Burushaski

Burushaski
Native to Gilgit-Baltistan, Pakistan
Region Hunza-Nagar, northern Ghizer, northern Gilgit
Ethnicity Burusho people
Native speakers
87,000 in Pakistan (2000)[1]
Dialects
Burushaski proper (Hunza-Nagar)
Wershikwar (Yasin)
Language codes
ISO 639-3 bsk
Glottolog buru1296[2]

Burushaski /bʊrʊˈʃæski/[3] (Burushaski: burū́šaskī / بروشسکی), the language of the Burusho people, is a language isolate spoken in northern Gilgit-Baltistan, Pakistan.[4] As of 2000, Burushaski was spoken by some 87,000 people in Hunza-Nagar District, northern Gilgit District, and in the Yasin and Ishkoman valleys of northern Ghizer District. Their native region is located in northern Gilgit–Baltistan and borders with Pamir corridor to the north. Burushaski is also spoken by about 300 people in Srinagar in Jammu and Kashmir[5][6] Other names for the language are Biltum, Khajuna, Kunjut, Brushaski, Burucaki, Burucaski, Burushaki, Burushki,[7] Brugaski, Brushas, Werchikwar and Miśa:ski.

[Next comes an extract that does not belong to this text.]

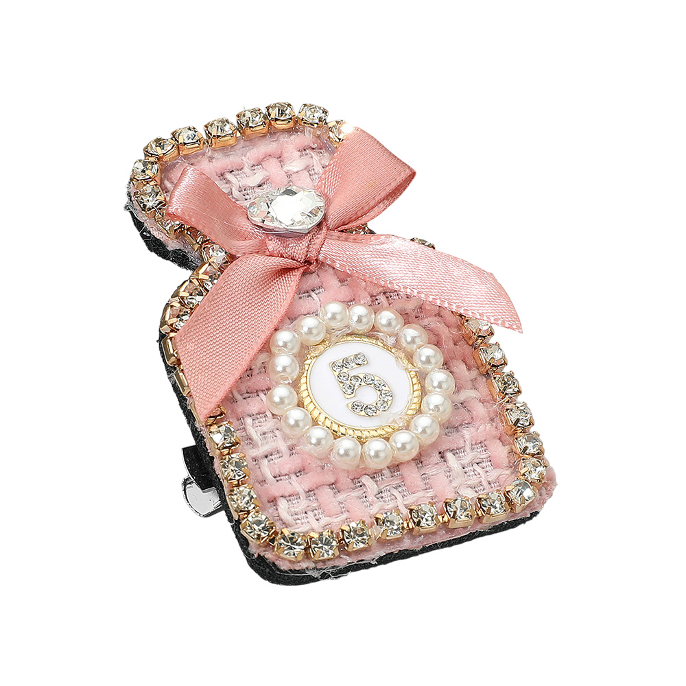 Details • Size : 1.7" X 2.5" • Dual : Pin Brooch / Hair Clip • Add charm to your hairstyle with this perfume bottle inspired hair clip featuring rhinestones, pearls, and a chic bow accent. Its elegant and versatile design makes it perfect for parties, special events, or adding a glamorous detail to your everyday look. • Lead and Nickel Compliant

Today, Burushaski contains numerous loanwords from Urdu (including English and Persian words received via Urdu), and from the neighbouring Dardic languages such as Shina and Khowar, as well as a few from Turkic languages, from the neighboring Sino-Tibetan language Balti, and from the neighboring Eastern Iranian Wakhi and Pashto.[8] However, the original vocabulary remains largely intact. The Dardic languages also contain large numbers of loanwords from Burushaski.

Classification

Attempts have been made to establish links between Burushaski and several different language families, although none has been accepted by a majority of linguists.

Following Berger (1956), the American Heritage dictionaries suggested that the word *abel ‘apple’, the only name for a fruit (tree) reconstructed for Proto-Indo-European, may have been borrowed from a language ancestral to Burushaski. ("Apple" and "apple tree" are báalt in modern Burushaski.)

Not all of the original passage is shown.